Morgan Kousser: “A New Coverage Scheme for Section 5 of the Voting Rights Act”

The great Morgan Kousser has written this article for ELJ. Here is the abstract:

Ever since the coverage scheme for Section 5, the preclearance section of the Voting Rights Act, was struck down by the U.S. Supreme Court in the 2013 case of Shelby County v. Holder, critics of that decision have sought to update the law with a new formula that might restore the protection of voting rights that preclearance afforded while satisfying the Court’s concerns. The most recent effort is embodied in a two-part coverage formula in the John Lewis Voting Rights Advancement Act, which was introduced in 2019 and only slightly amended in 2021 and 2023–24. This article argues that the Lewis Act amendments would be at once too broad and too narrow, and that they would likely fail to pass muster with the Supreme Court. The first part of the Act would cover too many jurisdictions that have never committed a voting rights violation.
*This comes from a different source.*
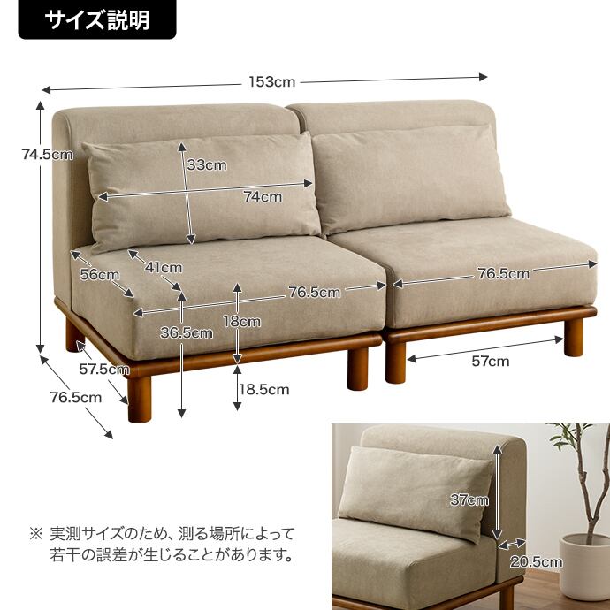 幅153cm(76.5cm+76.5cm)×奥行76.5cm×高さ74.5cm (座面高 36.5cm)

The second set of formulas, focusing on “known practices,” would fail to police many other current or future practices that might have discriminatory purposes or effects. Instead, I propose a much simpler formula that is firmly grounded in an examination of over 4000 voting rights cases, Section 5 objections, and settlements from 1957 through the present. A scheme based on the percentage of the citizen voting-age population of African Americans, Latinos, Asian Americans, or Native Americans in each county or state would capture 74% of the number of successful voting discrimination actions since 1957. If precisely tailored, it would do so while releasing from coverage 40% of the counties covered under the pre-Shelby County standard, unless they committed violations in the future. This simple formula, firmly grounded in the historical record, will simultaneously meet the demands of the Supreme Court and protect against a changing pattern of discriminatory laws in a demographically evolving America.